(Beginning of Input for this task)
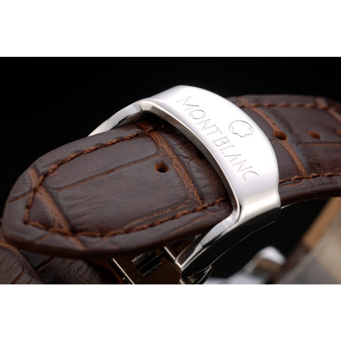 Bracelet MontBlanc heat embossed brown crocodile leather strap with MontBlanc and logo inscribed polished stainless steel hidden hook clasp
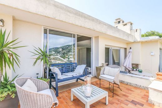 Dans un petit domaine privé situé sur les hauteurs de Villefranche-sur-Mer, un appartement, au dernier étage d’une villa divisée en deux appartements, offrant une belle vue sur la rade de Villefranche. Ce 3 pièces d'environ 90 m² composé d'un salon avec cheminée, une salle-a-manger, une cuisine séparée. Le séjour donne sur la terrasse de 50 m² d'où l'on peut admirer a une très belle vue sur la mer ainsi que sur la baie de Villefranche et Saint Jean Cap Ferrat, 2 chambres, un WC d'invités, une véranda et une salle d'eau avec WC. Le quartier est très calme et résidentiel à proximité des commerces, arrêt de bus et des écoles. Plusieurs places de parking. A seulement 25 minutes de l'aéroport et moins de 10 minutes du centre-ville de Nice
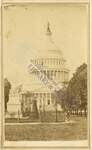 A carte-de-visite card of the United States Capitol, or the Capitol Building. Construction started in 1793 and was completed in 1826.
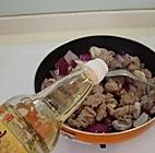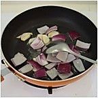 锅内热油,六成热时,放入洋葱、大蒜煸出香味
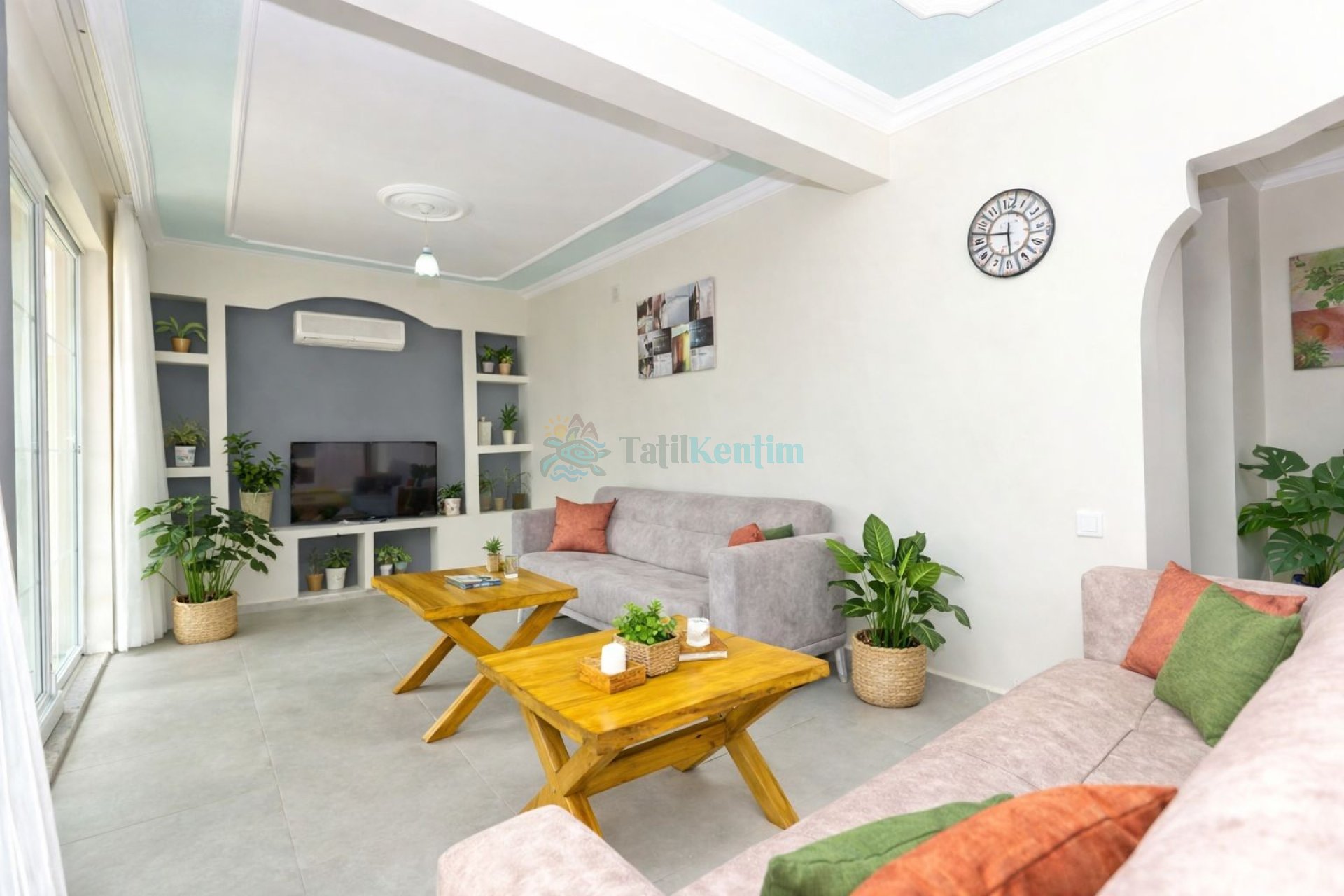 Villamızın salonu içerisinde, koltuk takımı, orta sehpa, TV, TV ünitesi, klima, uydu alıcısı yer almaktadır.
(End of Input for this task)
__What to produce__
Reproduce all the records verbatim, excluding images.

__Task output__
 Bracelet MontBlanc heat embossed brown crocodile leather strap with MontBlanc and logo inscribed polished stainless steel hidden hook clasp
 Dans un petit domaine privé situé sur les hauteurs de Villefranche-sur-Mer, un appartement, au dernier étage d’une villa divisée en deux appartements, offrant une belle vue sur la rade de Villefranche. Ce 3 pièces d'environ 90 m² composé d'un salon avec cheminée, une salle-a-manger, une cuisine séparée. Le séjour donne sur la terrasse de 50 m² d'où l'on peut admirer a une très belle vue sur la mer ainsi que sur la baie de Villefranche et Saint Jean Cap Ferrat, 2 chambres, un WC d'invités, une véranda et une salle d'eau avec WC. Le quartier est très calme et résidentiel à proximité des commerces, arrêt de bus et des écoles. Plusieurs places de parking. A seulement 25 minutes de l'aéroport et moins de 10 minutes du centre-ville de Nice
 A carte-de-visite card of the United States Capitol, or the Capitol Building. Construction started in 1793 and was completed in 1826.
 锅内热油,六成热时,放入洋葱、大蒜煸出香味
 Villamızın salonu içerisinde, koltuk takımı, orta sehpa, TV, TV ünitesi, klima, uydu alıcısı yer almaktadır.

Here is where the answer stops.